I did not catch all the names of tunes played, but there were some from the film Broken Flowers, a Heliocentrics piece entitled Cha Cha, another called Chic Chica, one called The Dawn and “one composed for myself” entitled simply Mulatu.

I did not know what to expect, but probably something a lot more energetic and even hip-hop oriented — I don’t know why. As it turned out most of the concert seemed to be gentle and celebratory, with repetitive rhythms and subtle variations. I’d need to listen to more to be able to adequately describe the music. But it was pleasant without being get-out-of-your-seat-and-start-dancing music.

Mulatu Astatke
Mulatu Astatke

There was some excellent musicianship from Souren Tchakerian on percussion, Peter Harper on alto sax, Ian Dixon on horn and Pat Kearney on drums, but I thought James Arben (Heliocentrics) on saxophone was fairly disappointing. A real standout was the keyboard playing of Thai Matus — he was quiet for most of the gig, then erupted with energy and fire, lit appropriately by a red spot. Great stuff.

Thai Matus
On fire: True Live keyboardist Thai Matus

All up, and perhaps I was suffering from the effects of Overground, this concert was not one to set the pulse racing or the blood flowing. It was a nice opportunity to chill in the club-like atmosphere of The Forum.

Mulatu and BJE




John Clare
John Clare, print embedded on his features, delivers his work.
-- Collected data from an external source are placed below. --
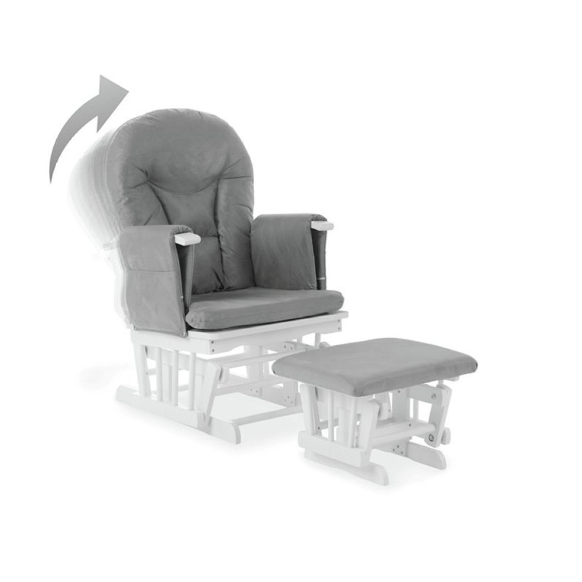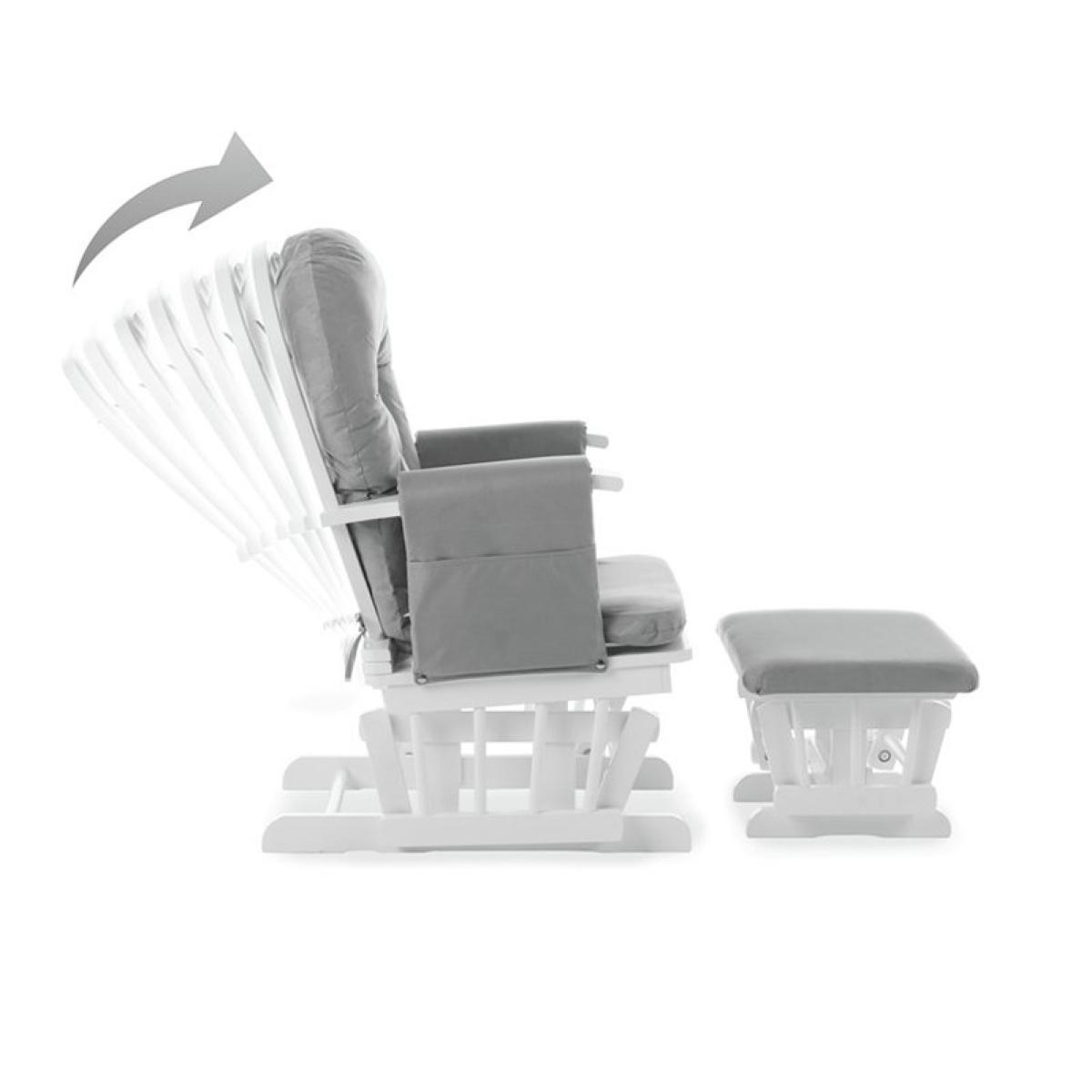 The Obaby reclining glider chair is the perfect place to rest and relax with your baby whilst enjoying the utmost of comfort. The gentle gliding motion of the chair, perfectly mimicked by the stool, soothes your little one to sleep whilst the padded microfibre cushions and adjustable back rest help you unwind in luxury. Includes gliding chair, matching gliding stool and microfibre cushions. Simple back rest reclining to ensure the perfect position. Extra deep cushions provide extra comfort. Arm cushions each feature a handy storage pocket. General information: Weight 15.1kg. Size H99.6, W65.3, D71.9cm. Suitable from birth. Package Dimensions: Package 1 dimensions: H77, W57, D46cm. Package 1 weight: 25kg. General information: Manufacturer's 2 year guarantee.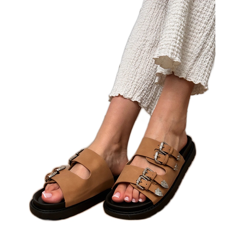 Aqui estão os chinelos de mulheres marrons com fivelas decorativas em uma sombra bege - a escolha perfeita para dias de verão e saídas diárias. Esses chinelos elegantes combinam conforto e design da moda, graças aos quais são uma excelente adição a qualquer estilização.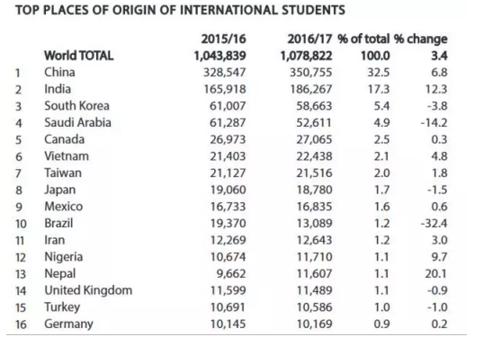 中国依然是最大生源国,2016/17年度留美人数超过35万,几乎是印度的两倍!接下去在美留学生人数最多的依次是韩国、沙特阿拉伯、加拿大、越南、中国台湾、日本、墨西哥和巴西。

Amid the flurry of festivals happening in Melbourne, extempore editor Miriam Zolin hosted a most pleasant launch at Uptown Jazz Cafe, with finger food and Baddaginnie Run wines. Contributors who read extracts from their published work were Merv Collins, who wrote A Fine Romance about his love for the singing of Kerrie Biddell, P.S. Cottier, who wrote the story Noddy rather than her usual poetry, and John Clare, who has a tongue-in-cheek look at John Lennon in his contribution.

It was a great evening, followed by music from Andrea Keller’s ensemble, including the Stonnington Jazz Festival patron and poetry lover Allan Browne, for those who could stay.

Keep up the hard work Miriam. This is a quality journal and deserves support — from subscribers and from government.